La clase no duró más que los 60 minutos reglamentarios. Pero en ese lapso
tuvimos frente a nosotros un escenario claro, inequívoco y maravilloso del sistema
reproductivo de los vertebrados. Esta era una clase más de las muchas en las que
Antonio Carrillo nos llevaba al fascinante mundo de los fenómenos biológicos.
Junto a su enorme capacidad de transmisión de conocimientos, adquiridos
tanto por la bibliografía como por su trabajo práctico con los modelos de los que
nos hablaba, el profesor Carrillo tenía una pasión por el estudio de las plantas. En
compañía de varios de sus colegas maestros de la escuela, excursionaba con
regularidad a diversas partes de la República, particularmente a las montañas de
Morelos y a diversas áreas de Durango y Coahuila para recolectar especímenes
de plantas mexicanas que iban conformando un valioso herbario en la escuela,
que no se usaba para enseñar a los alumnos, sino para satisfacer el interés del
grupo de maestros por conocer la flora mexicana.

No obstante, a través de Antonio Carrillo y particularmente de su genio


artístico y su interés por la morfología, yo tuve un primer asomo a la flora
mexicana, justo por medio de uno de los grupos más exóticos y fascinantes del
reino vegetal: las orquídeas. Permanentemente, el maestro Carrillo tenía
organizada, en la esquina derecha del fondo de nuestro salón de clases, su
pequeña área de trabajo, que consistía, como dije, en un restirador enorme –o así
me lo parecía entonces- sobre el cual se ordenaban perfectamente pequeños
frascos con formol que contenían preservadas flores de diversas orquídeas, así
como pequeños recipientes que mantenían vivos algunos ejemplares que estaban
en floración y que el maestro Carrillo reproducía en bellísimas láminas a color.

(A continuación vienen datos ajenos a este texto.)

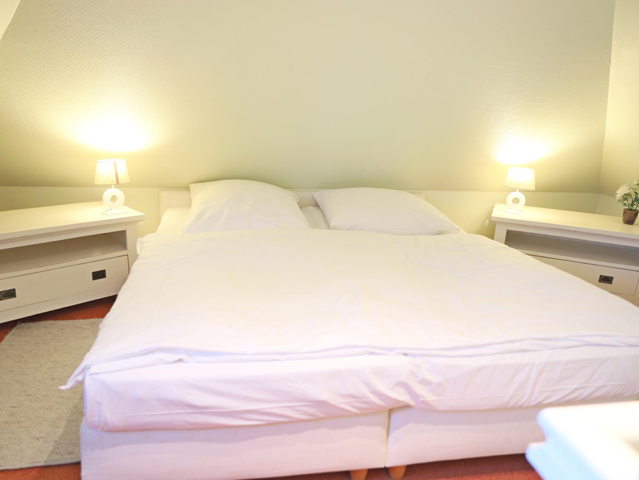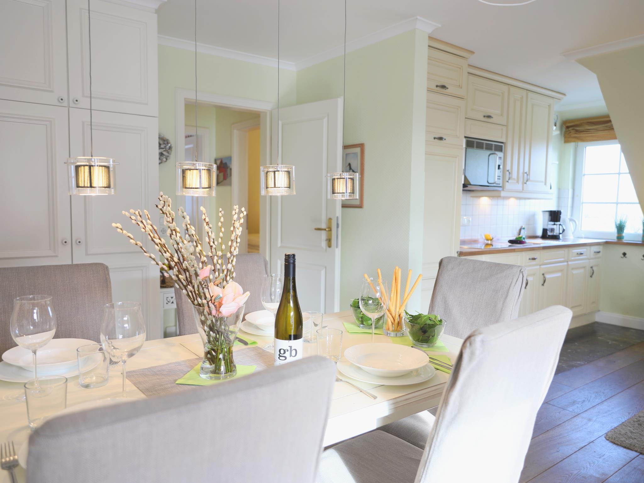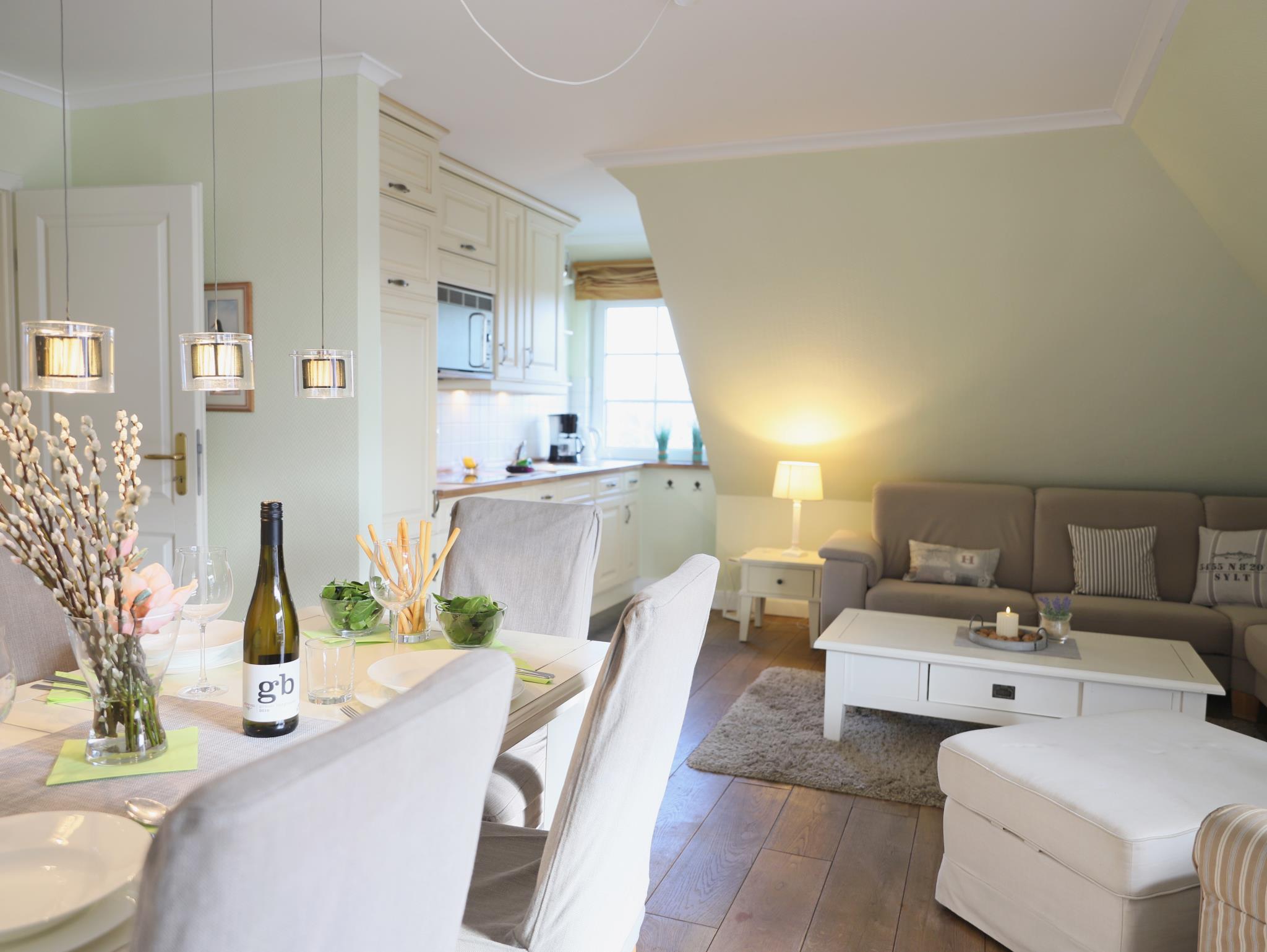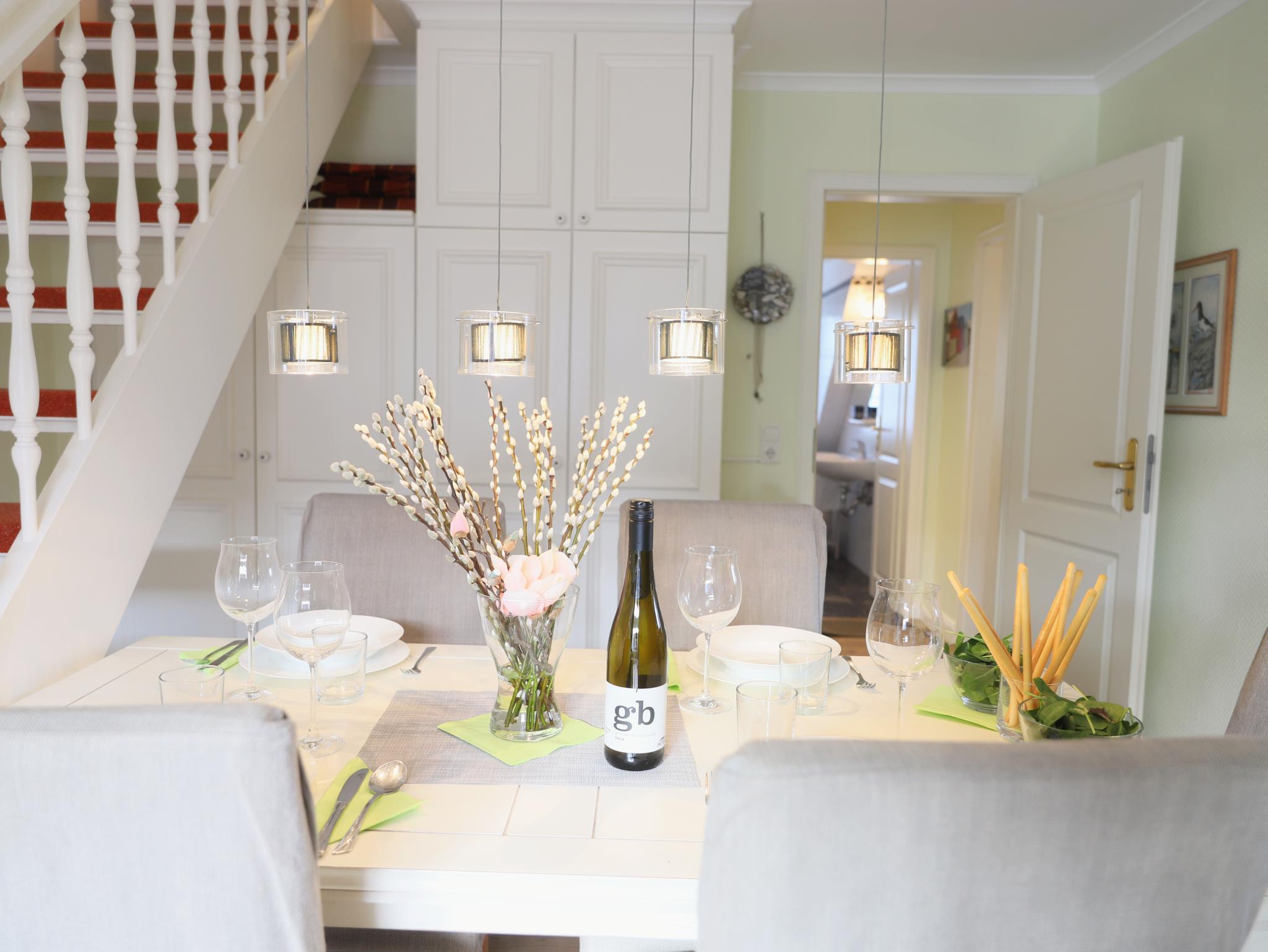 Hochwertige und komfortable 3-Zimmer-Wohnung mit ca. 60 qm im 2. Obergeschoss mit kleinem Süd-Balkon. Wohnzimmer mit Schlafcouch, Sitz- und Essecke, Flatscreen-TV, Stereoanlage und W`lan . Die integrierte Küchenzeile ist mit einem 4-Platten-Cerankochfeld, Mikrowelle, Geschirrspüler, Kühlschrank und Kaffeemaschine ausgestattet. Schlafzimmer mit Doppelbett und Flatscreen-TV. Weiteres Schlafzimmer mit Flatscreen-TV im Spitzboden. Badezimmer mit Dusche und WC. Ein Parkplatz befindet sich auf dem Grundstück. Im Untergeschoss des Hauses steht unseren Gästen eine Sauna mit Dusche gegen Münzeinwurf zur Verfügung. Ebenso können Waschmaschine und Trockner im Haus genutzt werden (Münzbetrieb).Ein schön angelegter Gemeinschaftsgarten mit Strandkörben lädt zum Verweilen ein.
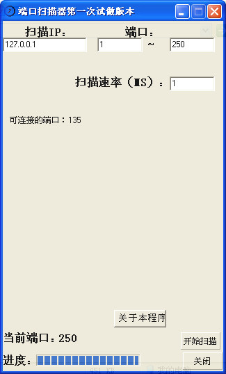 这是一款由网友编写的最新端口扫描工具,目前功能还不是很完善,不过扫描端口非常方便,速度也很快哦,需要手动输入扫描IP和要扫描的端口以及扫描速率。
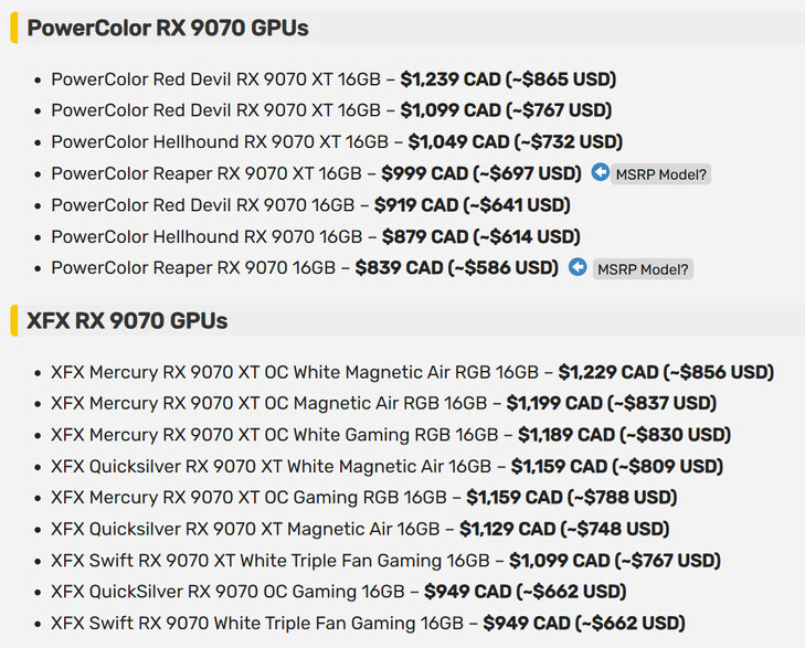 Sprzedawca detaliczny w Kanadzie — Canada Computers & Electronics — jako pierwszy umieścił na stronie listę nadchodzących kart graficzne PowerColor i XFX opartych na architekturze RDNA4 wraz z cenami. Jakiś czas później informacje usunięto, ale w internecie nic nie ginie. Lista została udostępniona na forach AnandTech i przejęta przez Tomasza Gawrońskiego. Na zrzutach ekranu widnieją możliwe przedziały cenowe dla modeli RX 9070 XT i RX 9070. Ceny pokrywają się z niektórymi plotkami, ale jak wcześniej zaznaczyłem, wszystko powinno być jasne dopiero podczas wydarzenia medialnego na koniec miesiąca.
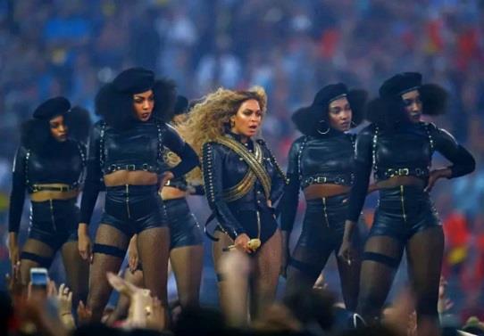 一般艺人在自己得演唱会上爱怎么表达自己的政治观点是他们的自由,比如Kayne West在演唱会上挺过川;去年经典摇滚演出“沙漠之旅”,Roger Waters把平克弗洛伊德的整首经典曲目《Pigs》都献给了川普,还念了一大段个人感想。 当然在“超级碗”这种全国性的活动上,艺人一般都会和主办方签订协议不直接表达任何政治观点——任何政治人物都有人挺有人踩,为了照顾大家的情绪,不谈政治最保险。 当然,这不能禁止艺人自己夹带一些非常“微妙”的信息,大多人看不出来,但若了解整个事件的来龙去脉以及艺人本身的政治立场,“自己人”一眼就能看出。 比如在去年超级碗的演出上,碧昂丝被猜测默默支持了一把反对黑人在司法和执法中系统性的不公平待遇的#BlackLifeMatter运动。表演时碧昂丝身后的舞者全身都穿黑色,戴黑色贝雷帽、梳起黑人爆炸头,让人联想到黑豹党(Black Panther Party),一个60年代发源于奥克兰(Oakland)由人民自发组织上街监督警察的暴力执法却也毁誉参半的组织[1]。
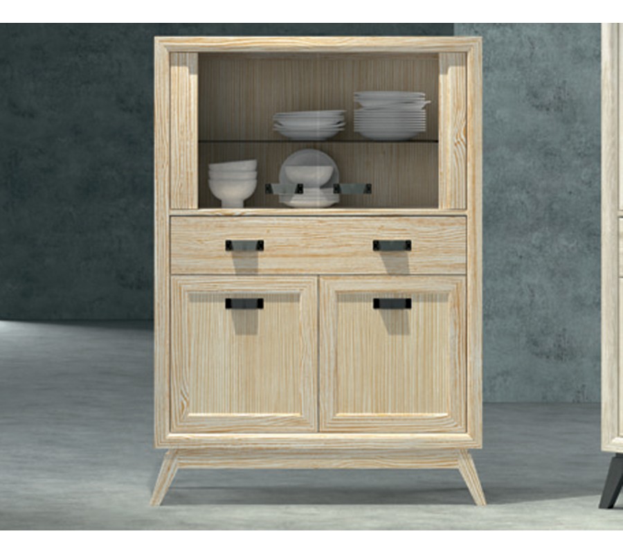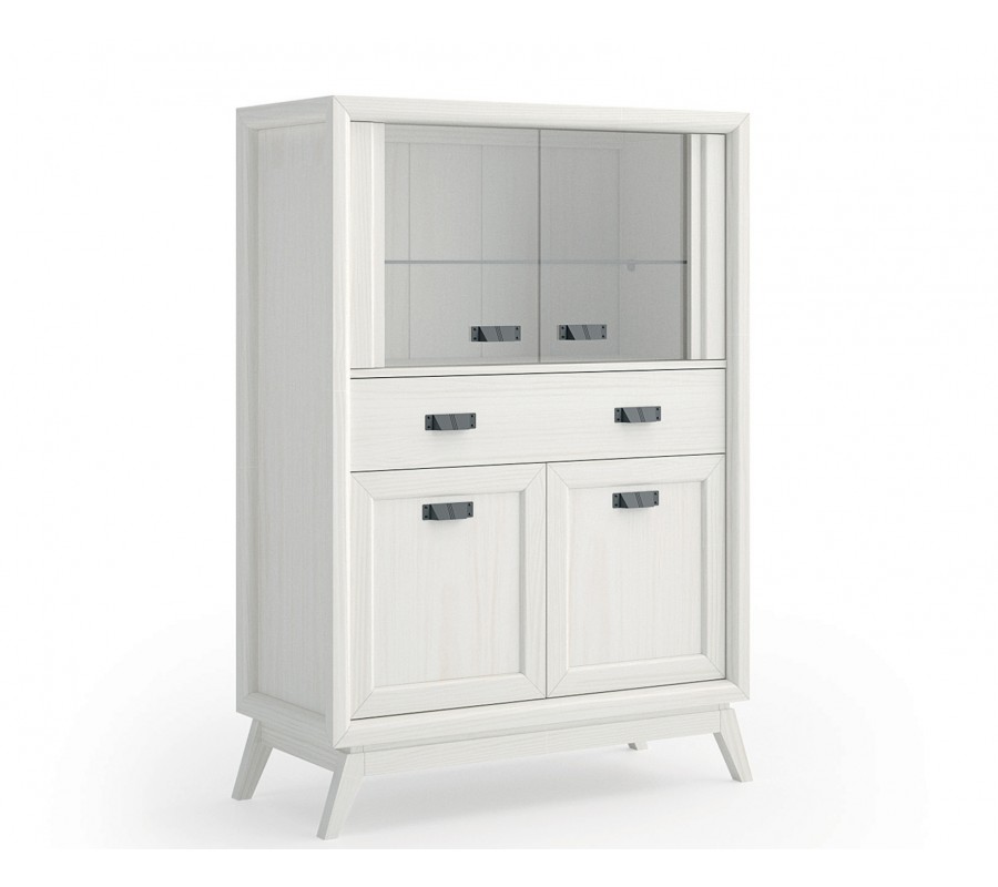 Vitrína má nižšiu lineárnu mohutnú siluetu, ktorú odľahčuje podstava v art deco štýle s dynamicky zošikmenými nožičkami a menším obdĺžnikovým rámom, na ktorom je položený úložný priestor. Ten pozostáva z dvoch dvojdverových skriniek, oddelených širokou zásuvkou. Spodné dvierka sú drevené a poskytujú diskrétne uzavretý priestor na textílie či dokumenty, zatiaľ čo vrchné dvierka majú priehľadnú sklenenú výplň a umožňujú vystavenie reprezentatívneho riadu či dekorácií. Úchytky sú vyrobené z kovu a majú minimalistický obdĺžnikový tvar. Hrany korpusu sú vyzdvihnuté, čo podčiarkuje geometrickosť tvarov.

Verlo dibujar entre una clase y otra, unos minutos antes de empezar la
sesión matutina o vespertina de clases, era realmente una delicia, no sólo por ver
desarrollarse los trazos y mezclarse los colores que generaban en forma fidedigna
las formas y las tonalidades de las flores, sino también por escuchar el mágico
relato de sus aventuras para colectar algún espécimen de orquídea colgado de un
risco impensable en alguna de las barrancas del estado de Morelos. El encanto y
la fascinación de esos pequeños lapsos eran como ventanas que nos permitían
asomarnos a un mundo descrito con un enorme cariño y con una enorme pasión.
A ello también se añadía la admiración, que un muchacho de 15 años puede
prodigar muy bien, por alguien que transmite honestamente el gusto con que
realiza sus tareas.

Antonio Carrillo nos enseñaba biología apoyado en el gusto y el


conocimiento de su disciplina. En forma natural y sin proponérselo, depositaba en
varios de nosotros semillas que más tarde germinarían en vocaciones
profesionales bien definidas. A más de 30 años de distancia, no tengo duda de
que él fue mi mejor orientador profesional y de que dejó en mí una vocación que ni
siquiera el efecto posterior de maestros mediocres pudo desviar.